The Barber of Seville: Fun at the Opera

The Barber of Seville: Fun at the Opera
Renato Girolami as Doctor Bartolo and Joshua Hopkins as Figaro in the Canadian Opera Company production of “The Barber of Seville.” (Michael Cooper)
4/22/2015
Updated:
4/23/2015

By Madalina Hubert
Epoch Times Staff

TORONTO—It’s hard to say opera isn’t fun after seeing Rossini’s “The Barber of Seville.” Drawing on the satirical 18th century play by French playwright Pierre de Beaumarchais, Rossini’s operatic masterpiece delights in farce, fast-paced action, and playful melodies.

You will probably recognize some of the tunes, having heard them in films, cartoons, advertisements, and classical radio.

It is no wonder “The Barber of Seville” is one of the most popular operas performed today, beloved not only by critics and audiences since its 1816 debut in Rome, but also garnering praise from Rossini’s own great musical contemporaries, such as Beethoven and Verdi.

This year, the Canadian Opera Company has brought back Spanish director Joan Font’s flamboyant adaptation to the stage of the Four Seasons Centre in Toronto.

Font’s minimal stage design is colourful, vibrant, and unconventional. It is also musically themed with a giant Picasso-inspired guitar as the platform for romantic serenades, and a huge pink multifunctional prop piano which serves as a writing desk, a banquet table, and a boudoir. The set’s fabric walls also come to life with shadow plays and cinematic montages.

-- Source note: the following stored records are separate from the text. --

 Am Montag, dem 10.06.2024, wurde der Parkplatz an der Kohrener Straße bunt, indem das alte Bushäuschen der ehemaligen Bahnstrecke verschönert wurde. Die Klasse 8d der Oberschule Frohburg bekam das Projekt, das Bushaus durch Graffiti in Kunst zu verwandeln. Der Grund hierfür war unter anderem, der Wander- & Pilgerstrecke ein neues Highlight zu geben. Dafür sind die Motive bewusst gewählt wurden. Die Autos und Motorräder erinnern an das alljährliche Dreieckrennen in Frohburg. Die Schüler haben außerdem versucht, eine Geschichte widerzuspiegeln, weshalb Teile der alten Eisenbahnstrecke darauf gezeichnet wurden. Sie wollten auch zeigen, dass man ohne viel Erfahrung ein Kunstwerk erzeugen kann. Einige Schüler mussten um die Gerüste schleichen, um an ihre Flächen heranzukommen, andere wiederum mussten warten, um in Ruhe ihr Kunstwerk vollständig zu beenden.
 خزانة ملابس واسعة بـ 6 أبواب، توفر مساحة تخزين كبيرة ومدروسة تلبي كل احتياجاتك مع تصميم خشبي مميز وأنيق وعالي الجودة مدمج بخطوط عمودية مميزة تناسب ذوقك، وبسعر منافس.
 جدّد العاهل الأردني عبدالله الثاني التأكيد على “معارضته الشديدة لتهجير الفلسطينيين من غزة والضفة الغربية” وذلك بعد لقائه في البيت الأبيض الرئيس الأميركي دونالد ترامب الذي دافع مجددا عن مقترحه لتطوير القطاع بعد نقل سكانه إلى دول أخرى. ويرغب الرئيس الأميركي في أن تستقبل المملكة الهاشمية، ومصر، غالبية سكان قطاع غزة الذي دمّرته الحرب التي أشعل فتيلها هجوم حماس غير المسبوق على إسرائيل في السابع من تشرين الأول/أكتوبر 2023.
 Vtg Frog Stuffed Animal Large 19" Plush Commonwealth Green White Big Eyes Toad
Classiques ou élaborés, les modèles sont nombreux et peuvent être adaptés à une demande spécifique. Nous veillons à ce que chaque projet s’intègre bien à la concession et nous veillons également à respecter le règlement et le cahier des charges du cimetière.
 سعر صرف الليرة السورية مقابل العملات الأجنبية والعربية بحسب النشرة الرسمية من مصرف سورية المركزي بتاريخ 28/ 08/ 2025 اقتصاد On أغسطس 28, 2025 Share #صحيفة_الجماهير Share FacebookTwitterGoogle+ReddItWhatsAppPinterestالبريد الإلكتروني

The opera’s plot starts relatively simply, becoming more and more convoluted. The young Count Almaviva—pretending he is a poor man named Lindoro—falls in love with the maiden Rosina whose jealous guardian, the old doctor Bartolo, wants to marry her in order to inherit the family fortune.

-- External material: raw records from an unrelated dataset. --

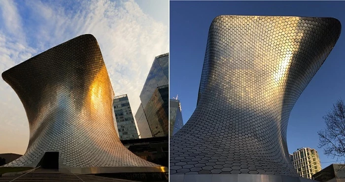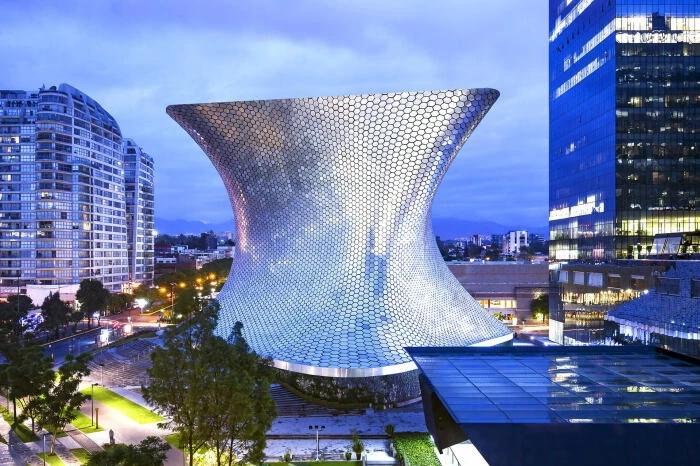 Мерцающий фасад частного Музея Сумайя (Museo Soumaya), несомненно, привлекает внимание, а неправильная форма гигантской «чаши» заставляет задуматься, как такое возможно. Но как показала жизнь, параметрическому проектированию подвластно все и даже больше. Поэтому создание подобной конструкции, поддерживаемой 28 изогнутыми стальными колоннами и облицованной мерцающими шестиугольными стальными элементами (всего их 16 тысяч!), не является никаким чудом, разработчиков нужно было лишь точно задать параметры и следовать алгоритмам. Именно это и сделал автор проекта – мексиканский архитектор Фернандо Ромеро и группа инженеров-строителей. Благодаря современным возможностям и высокотехнологичным материалам параметрическое здание стало одной из главных архитектурных достопримечательностей Мехико, демонстрирующей возможности такого рода проектирования. Стоит отметить, что кроме нетривиальной формы, фасад здания обязательно порадует динамичностью, ведь он покрыт отражающими элементами, меняющими его облик в зависимости от времени суток, дополнительного освещения, окружения и угла обзора.
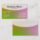 A business card template with a semi-transparent curved header area for the company name and business type etc, with name, job title and other contact details in the section below. The Background and header panel are repeated on the reverse side and can be further customized.
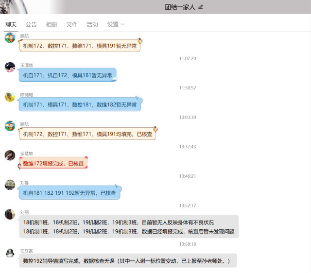 自从防疫战打响后,我们系的七仙女和筷子兄弟(辅导员)便成为了网络那头最牵挂学生的那个人。虽然经常会出现因为学生在睡觉,联系不上的情况、学生填写信息格式错了,反复打回填写等等情况。虽然辅导员们经常会说自己都要被学生填写的信息气到老十岁了、会说等开了学见到他们一定要拉到办公室好好谈谈心。但是每次学生出现了任何问题,他们一定是最焦急的、冲在第一线的那个人,反复的联系,反复的确认。事前事后一次次的联系家长,各种交代。只为了学生每日告知的一句“老师我一切都好!”
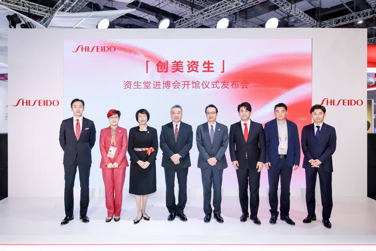 日本国驻华大使金杉宪治、日本国驻上海总领事·大使冈田胜、中国香精香料化妆品工业协会理事长颜江瑛、上海九院整复外科主任章一新,以及资生堂中国管理层共同为“创美资生”展台开幕剪彩

But how do the young lovers thwart the guardian? It is here that the resourceful Figaro, a jack of all trades, comes in, sparking a series of intrigues, disguises, and mistaken identities.

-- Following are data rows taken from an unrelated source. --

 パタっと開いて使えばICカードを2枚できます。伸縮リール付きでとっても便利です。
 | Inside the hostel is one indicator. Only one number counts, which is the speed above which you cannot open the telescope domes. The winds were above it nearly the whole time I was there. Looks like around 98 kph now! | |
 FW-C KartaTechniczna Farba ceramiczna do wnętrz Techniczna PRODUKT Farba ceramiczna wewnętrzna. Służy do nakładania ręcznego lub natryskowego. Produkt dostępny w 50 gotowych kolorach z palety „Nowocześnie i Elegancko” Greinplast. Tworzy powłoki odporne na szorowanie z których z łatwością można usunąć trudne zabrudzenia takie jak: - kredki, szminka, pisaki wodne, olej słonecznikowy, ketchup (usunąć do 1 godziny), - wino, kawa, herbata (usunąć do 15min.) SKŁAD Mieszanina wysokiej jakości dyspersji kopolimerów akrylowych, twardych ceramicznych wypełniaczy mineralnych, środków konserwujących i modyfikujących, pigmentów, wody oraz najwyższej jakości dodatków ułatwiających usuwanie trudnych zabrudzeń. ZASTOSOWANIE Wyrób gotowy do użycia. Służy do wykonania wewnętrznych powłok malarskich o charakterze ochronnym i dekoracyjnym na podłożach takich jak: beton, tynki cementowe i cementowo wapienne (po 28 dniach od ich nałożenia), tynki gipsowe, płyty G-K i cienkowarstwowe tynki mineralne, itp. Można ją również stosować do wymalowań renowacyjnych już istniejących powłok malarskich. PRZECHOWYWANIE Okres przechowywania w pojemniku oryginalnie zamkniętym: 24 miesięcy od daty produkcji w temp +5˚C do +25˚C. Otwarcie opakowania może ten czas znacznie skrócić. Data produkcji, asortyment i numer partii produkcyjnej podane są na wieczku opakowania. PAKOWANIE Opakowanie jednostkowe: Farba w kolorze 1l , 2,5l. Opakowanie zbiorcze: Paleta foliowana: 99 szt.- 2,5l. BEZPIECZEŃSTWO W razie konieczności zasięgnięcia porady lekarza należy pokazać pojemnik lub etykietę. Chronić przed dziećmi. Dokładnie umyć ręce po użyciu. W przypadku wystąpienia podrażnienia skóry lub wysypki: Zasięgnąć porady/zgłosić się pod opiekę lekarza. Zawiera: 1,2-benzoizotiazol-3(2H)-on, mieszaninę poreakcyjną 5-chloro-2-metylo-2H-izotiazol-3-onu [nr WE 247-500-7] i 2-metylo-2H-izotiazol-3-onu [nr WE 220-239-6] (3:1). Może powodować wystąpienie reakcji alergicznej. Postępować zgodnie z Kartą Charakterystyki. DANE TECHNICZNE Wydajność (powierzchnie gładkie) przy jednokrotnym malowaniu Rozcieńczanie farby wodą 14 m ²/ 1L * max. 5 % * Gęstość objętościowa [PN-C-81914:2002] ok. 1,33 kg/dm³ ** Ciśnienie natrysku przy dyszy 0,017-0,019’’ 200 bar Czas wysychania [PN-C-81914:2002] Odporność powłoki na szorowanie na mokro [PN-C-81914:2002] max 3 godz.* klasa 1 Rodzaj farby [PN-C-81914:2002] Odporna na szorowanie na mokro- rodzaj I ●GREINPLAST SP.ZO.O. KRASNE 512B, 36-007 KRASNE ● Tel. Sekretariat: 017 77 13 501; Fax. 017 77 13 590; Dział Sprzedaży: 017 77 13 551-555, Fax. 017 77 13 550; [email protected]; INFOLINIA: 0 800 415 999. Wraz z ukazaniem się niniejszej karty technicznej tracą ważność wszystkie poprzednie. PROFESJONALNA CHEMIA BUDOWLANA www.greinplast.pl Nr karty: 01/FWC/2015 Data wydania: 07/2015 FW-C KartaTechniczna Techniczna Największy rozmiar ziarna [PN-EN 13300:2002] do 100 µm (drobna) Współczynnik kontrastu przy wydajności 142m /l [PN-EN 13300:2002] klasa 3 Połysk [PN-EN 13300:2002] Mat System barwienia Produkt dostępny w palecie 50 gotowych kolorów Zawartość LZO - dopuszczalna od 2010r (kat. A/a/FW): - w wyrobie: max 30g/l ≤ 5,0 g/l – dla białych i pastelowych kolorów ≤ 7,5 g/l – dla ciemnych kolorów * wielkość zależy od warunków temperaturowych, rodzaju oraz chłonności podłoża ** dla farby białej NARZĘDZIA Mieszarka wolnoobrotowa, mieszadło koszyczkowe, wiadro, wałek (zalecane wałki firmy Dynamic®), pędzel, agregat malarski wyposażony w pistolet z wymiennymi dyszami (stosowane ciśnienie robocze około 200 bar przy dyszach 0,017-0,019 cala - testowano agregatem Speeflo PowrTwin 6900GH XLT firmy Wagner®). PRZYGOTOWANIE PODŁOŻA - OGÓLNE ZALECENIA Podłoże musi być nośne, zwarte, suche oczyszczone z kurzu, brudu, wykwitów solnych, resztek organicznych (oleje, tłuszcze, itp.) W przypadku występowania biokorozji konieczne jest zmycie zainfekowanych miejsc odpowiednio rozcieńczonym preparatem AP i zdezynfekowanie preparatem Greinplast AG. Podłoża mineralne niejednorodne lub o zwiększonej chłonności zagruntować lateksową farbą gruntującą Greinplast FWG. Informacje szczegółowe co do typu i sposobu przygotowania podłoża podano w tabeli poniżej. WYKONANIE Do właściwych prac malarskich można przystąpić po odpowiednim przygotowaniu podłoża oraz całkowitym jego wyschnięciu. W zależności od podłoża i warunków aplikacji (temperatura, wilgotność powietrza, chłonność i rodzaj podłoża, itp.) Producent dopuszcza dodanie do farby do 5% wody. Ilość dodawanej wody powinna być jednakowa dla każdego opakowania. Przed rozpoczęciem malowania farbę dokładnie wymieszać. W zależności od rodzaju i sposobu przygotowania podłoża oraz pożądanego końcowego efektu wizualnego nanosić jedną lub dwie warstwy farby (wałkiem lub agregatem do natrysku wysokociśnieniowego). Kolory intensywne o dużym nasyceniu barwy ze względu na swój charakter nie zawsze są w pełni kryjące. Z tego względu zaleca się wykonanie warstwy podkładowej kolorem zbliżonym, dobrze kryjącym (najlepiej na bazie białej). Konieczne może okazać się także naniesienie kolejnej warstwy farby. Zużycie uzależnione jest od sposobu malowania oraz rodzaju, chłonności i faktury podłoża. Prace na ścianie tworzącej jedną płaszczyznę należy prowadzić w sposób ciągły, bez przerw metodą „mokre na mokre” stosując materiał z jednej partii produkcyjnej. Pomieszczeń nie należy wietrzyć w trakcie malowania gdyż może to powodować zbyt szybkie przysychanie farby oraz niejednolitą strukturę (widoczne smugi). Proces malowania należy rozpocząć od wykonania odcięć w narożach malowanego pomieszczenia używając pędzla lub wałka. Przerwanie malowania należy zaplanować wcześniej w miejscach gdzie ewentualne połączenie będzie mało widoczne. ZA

“When you start the staging of a new opera you instantly and simultaneously open two paths: the path of music and that of literature. You should let yourself be seduced by both,” states Font in the director’s notes.

Rossini’s music is rich and playful, heightening the comedy and inspiring a joyous celebration. The COC’s cast of international performers (with Canadian baritone Joshua Hopkins in the title role of Figaro) brings that out with flair and enthusiasm.

American tenor Alex Shrader sings the role of Almaviva, with Romanian Bogdan Mihai stepping in at select performances in May. Italian mezzo-soprano Serena Malfi delights as the feisty Rosina, with American Cecelia Hall also performing select performances in May.

“The Barber of Seville” uses slapstick comedy and light-hearted melodies characteristic of the opera buffa (comic opera) genre, with the aim to delight but also to raise deeper questions, inviting the audience to reflect on what drives people in their actions, what pulls and pushes them to make decisions, to speak and act.

Font brings this question to life through his staging, with the characters becoming puppets being pulled in different directions by strings at one point in the opera.

Is there a way to break the charade? The answer may just lie the finale sequence with the refrain, “May love and faith reign eternally in your hearts.”

In the mean time, pay a visit to COC’s Look & Listen Guide (www.coc.ca/Look-and-Listen.aspx) and you'll be sure to recognize some of the songs, particularly the Overture and Figaro’s “Cavatina.” And if you find yourself humming along with Figaro, all the better.